Hello, I'm thrilled to welcome you to this companion GitHub repository for my book, Confident Data Science: Discover the Essential Skills of Data Science Book available on Amazon.com.
With this book and repository, I'm offering a unique opportunity to explore the world of data science. Raw data is just the beginning; it is in its interpretation, analysis, and the innovations we derive from our data that provide the potential for value. In the present working world the role of data science is becoming indispensable.
A premise of this book is that anyone can "do data science" With the help of this book, can leave a significant mark on your organization, with data science.
In Confident Data Science, I share key insights and practical tools to help you build your confidence in this ever-evolving field.

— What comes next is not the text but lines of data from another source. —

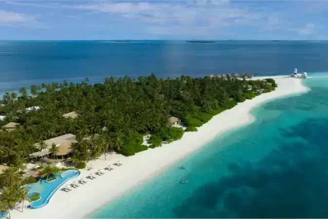 With its ideal position next to the UNESCO Biosphere Reserve, the Intercontinental Maldives provides a peaceful haven that is ideal for discovering a variety of marine life, swimming with manta rays, and seeing dolphins. The island is the first all-club resort, offering visitors special benefits and customised experiences.
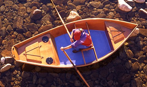 The Mini works best as a solo boat with space for extra gear but will handle two adults on flat water. Built as recommended the hull can weigh less than 90 pounds which makes it a cartopper if you don't want the hassle of a trailer, and it can also be hauled in the back of a pick-up truck. A lightweight boat allows increased payload, but the real advantage comes in getting the boat on and off the water and in and out of storage. The tough, slick graphite bottom also allows dragging the lightweight hull over parking lots, gravel and sand beaches and logs.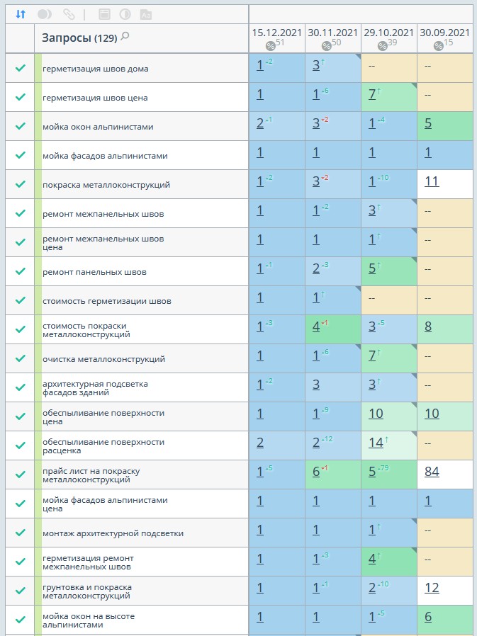 За время работы нам удалось поднять позиции с 15% до 71% в ТОП-10 с 5% до 61% в ТОП-3. Трафик увеличился на 72%, а количество заявок в 2 раза. И так будет с каждым проектом!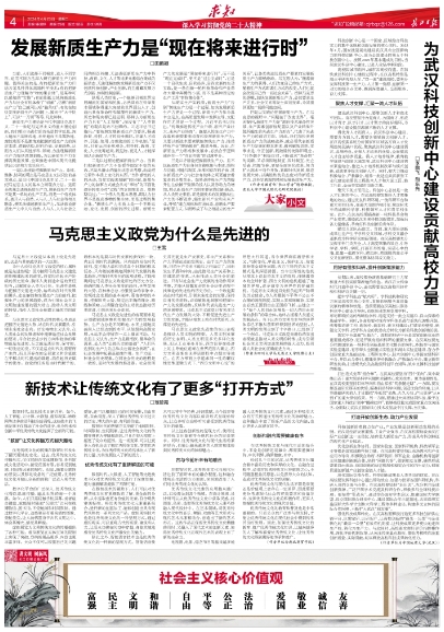 科技創新的落腳點在產業,產業發展是創新驅動發展的關鍵。武漢是經濟發展重鎮、工業產業強市,在漢高校要助攻武漢打好產業創新這一主動仗,培育壯大新質生產力,形成具有科創特征的現代化產業體系。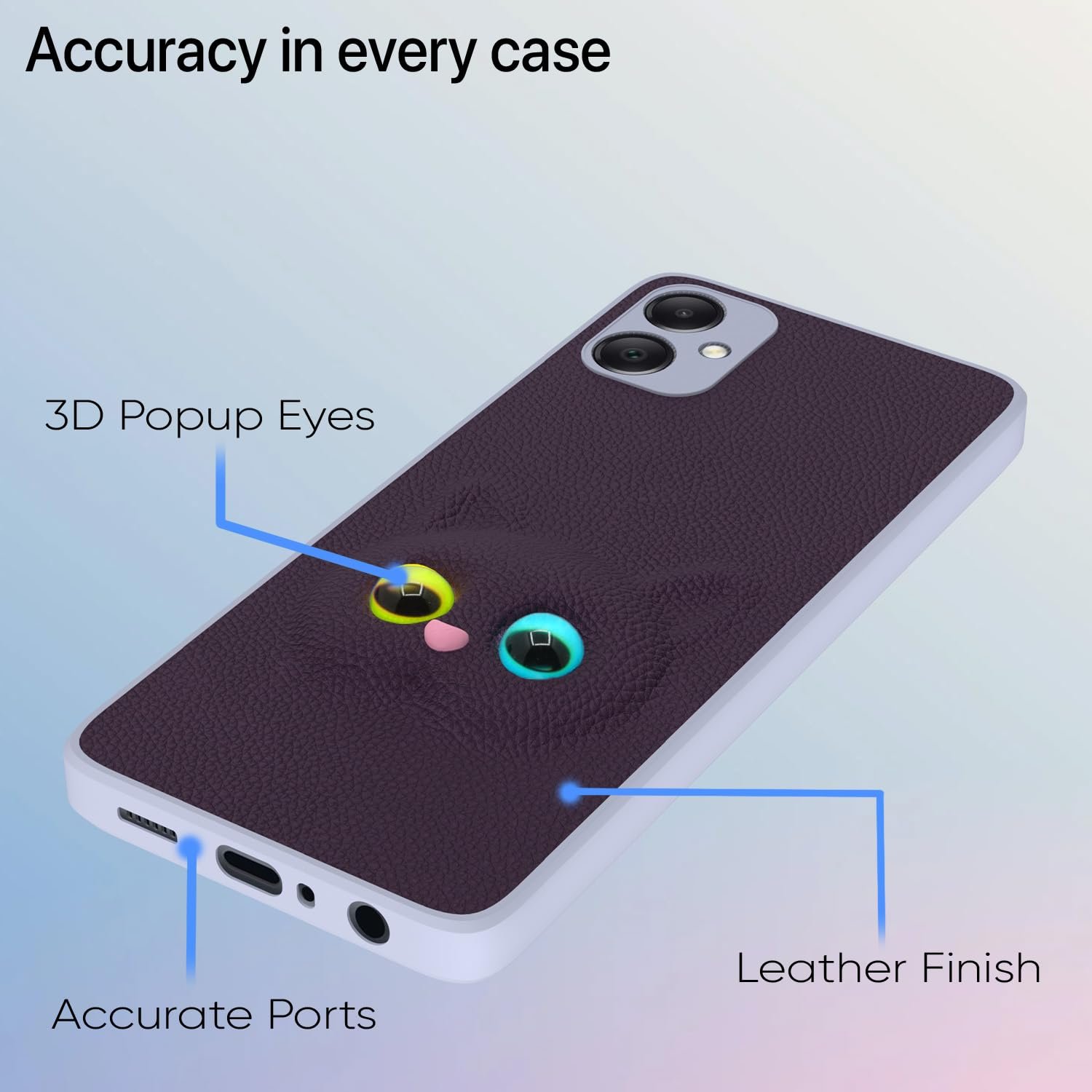 Pikkme Back Cover for Girls | Cute Cat Leather Finish | Soft TPU | Case for Samsung Galaxy A05 / M05 / F05 (Purple)

Whether you're a beginner who's just stepping into this world or an intermediate or advanced practitioner seeking to sharpen your skills, this book has something for you.

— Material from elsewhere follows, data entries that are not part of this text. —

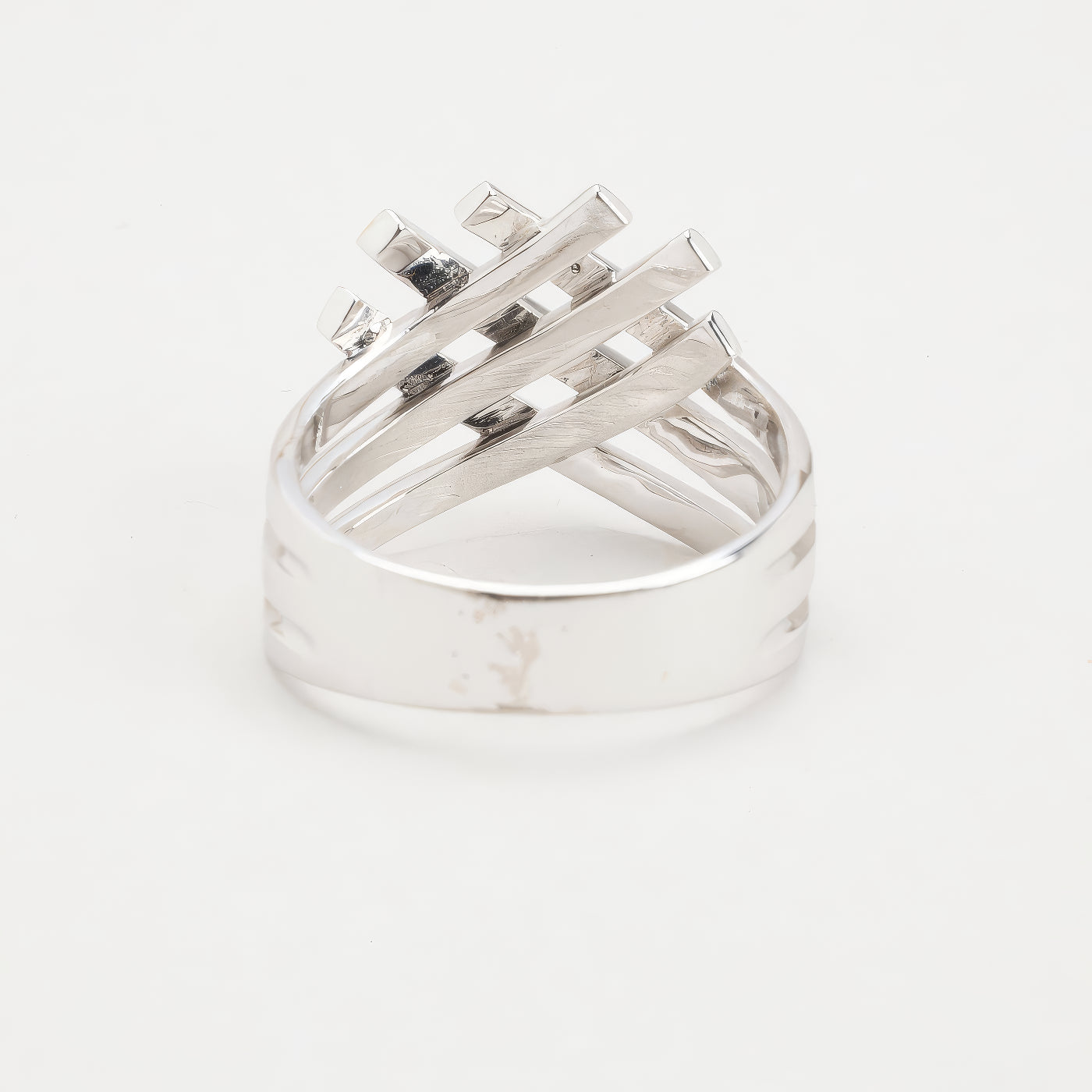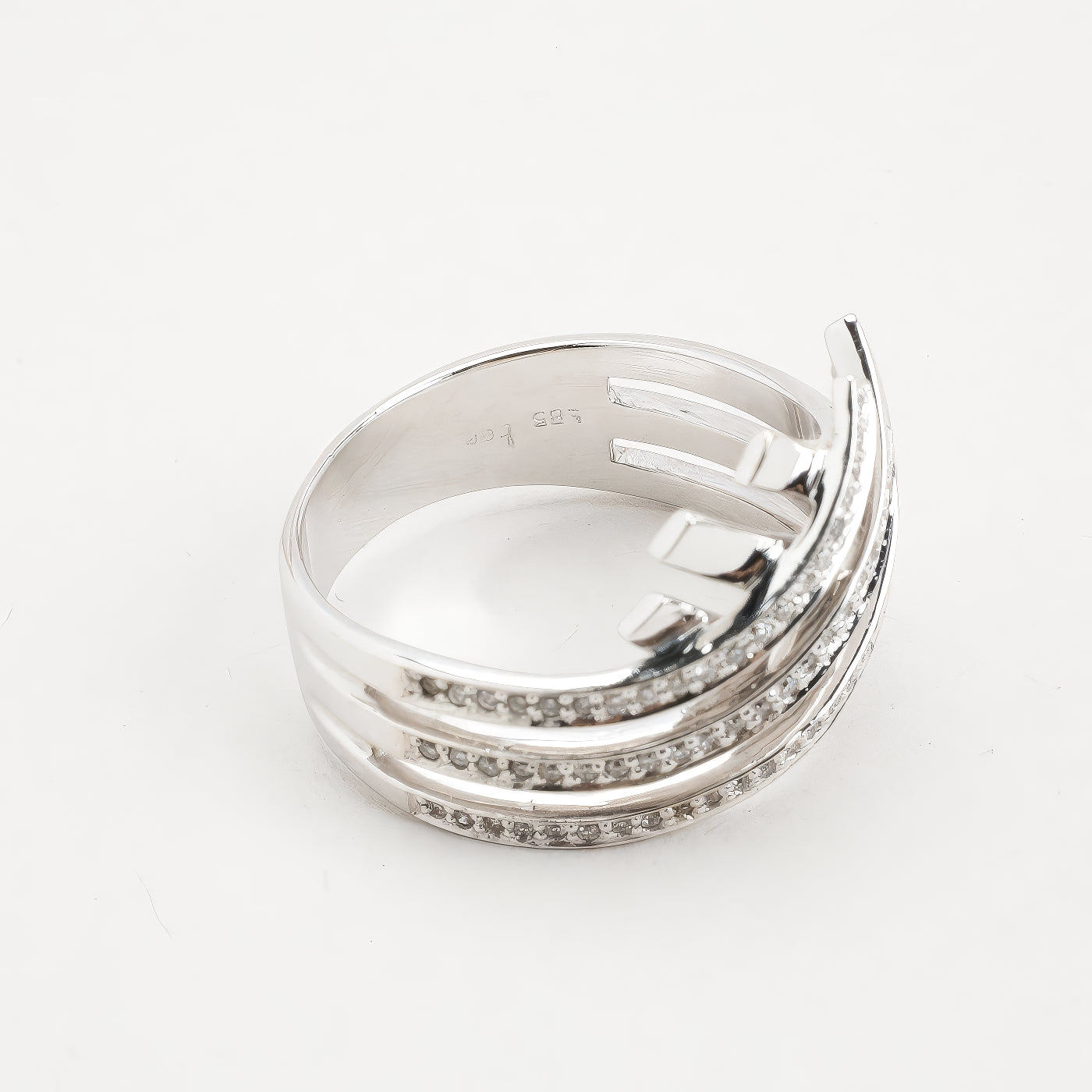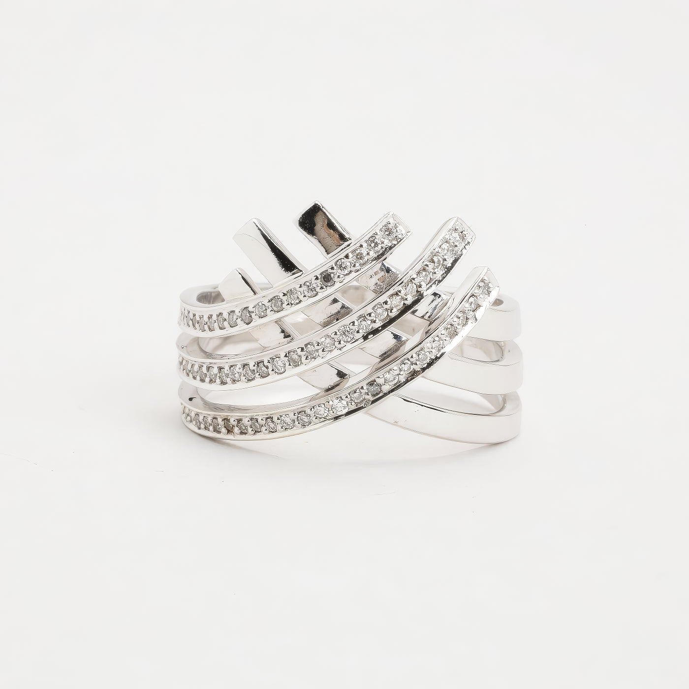 Crossover ring i 14K hvidguld med diamanter (0,18 ct), Str. 53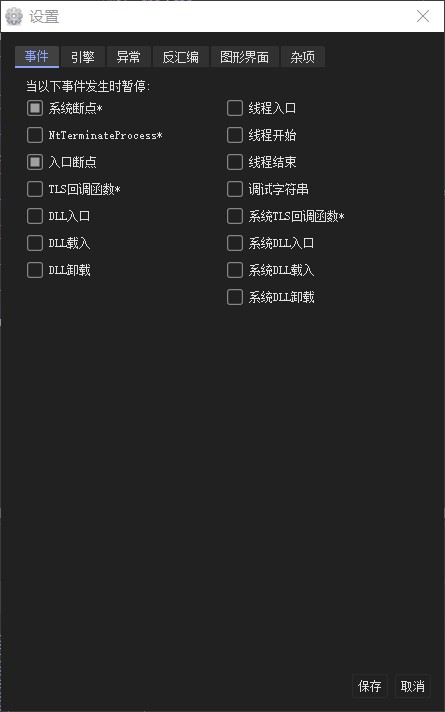 之后就是按 “F9” 直到让程序运行起来(我这边将 选项—>选项—>事件 中的 “TLS回调函数” 取消了,所以操作中少按了一次 “F9”)。
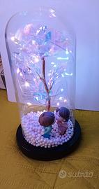 Offro una splendida rosa illuminata in una cupola di vetro, che crea un'atmosfera romantica. Questa decorazione è perfetta come regalo o per impreziosire la tua casa. È in condizioni eccellenti, come nuova e funziona perfettamente. Non effettuo spedizioni!

I created this repository to accompany the book. At a minimum this repository provides access to the code I wrote about and explained in the book. This repository also provides access to the data I reference in the book.

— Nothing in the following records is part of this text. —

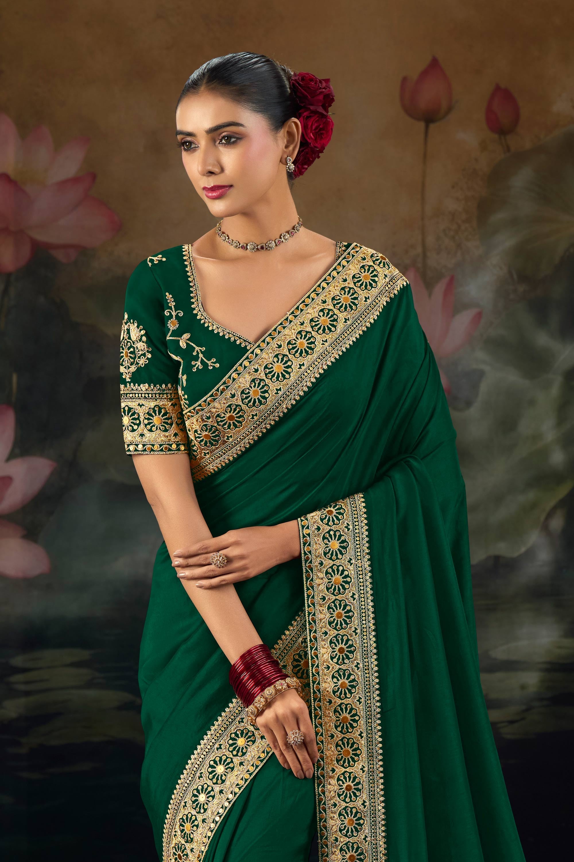 Dark Green Sangeet Wear Silk Fabric Embroidered Saree
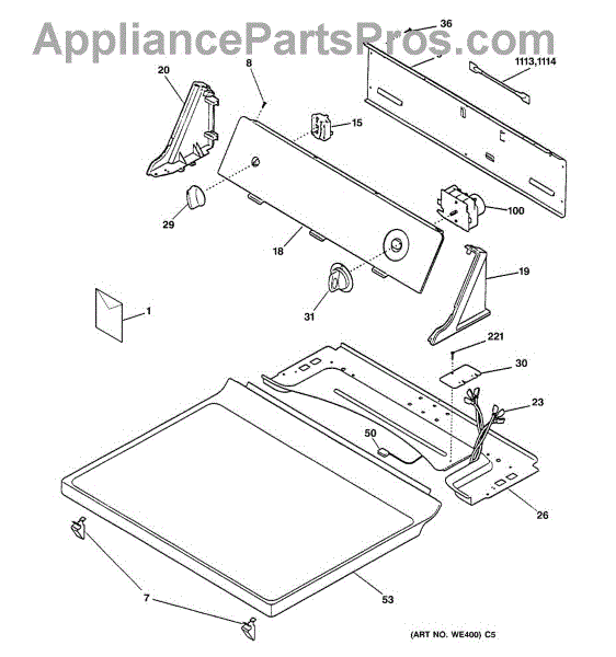 Parts for Ge NVL333EB4WW: 01 - Controls & Top Panel Parts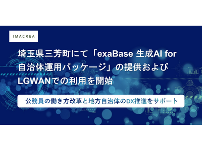 株式会社イマクリエ(本社:東京都港区、代表取締役:鈴木信吾、以下、当社)は、埼玉県三芳町に「exaBase 生成AI for 自治体運用パッケージ」の提供を開始したことをお知らせします。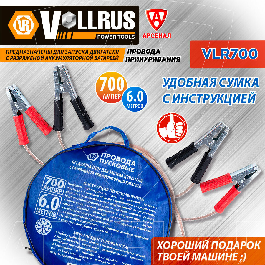 10 цен на Провода прикуривания 700А, длина 6м. с зажимами (в сумке) перчатки в подарок, VLR 700

By engaging with this repository, I hope you will feel more connected with the material, find inspiration, and gain practical experience that will serve you in your data science journey. Remember, the key to mastery is practice, and this platform provides an environment for that.
Happy learning!
If you are here in search of the companion Jupyter notebooks and coding examples look in the notebooks subfoler where you will find the following:
- Chapter 5 Notebook Data Exploration
- Chapter 6 Notebook Data Manipulation + Preparation
- Chapter 8 Notebook One Weekend Crash Course (Sentiment Analysis)
- Chapter 9 Notebook Data (As a Tool)
- Chapter 10 Notebook Data Visualization
- Chapter 11 Notebook Business Value + Clients (Predictive Models)
- Appendicies Notebook Notebooks + Coding Quick Start Tutorials
When you are looking for example data for training, testing, or demonstration purposes you can use the data found here as a general repository. With proper attribution to the book, I encourage others to use these data when building their own examples, conducting their own tests, or building their own demonstrations.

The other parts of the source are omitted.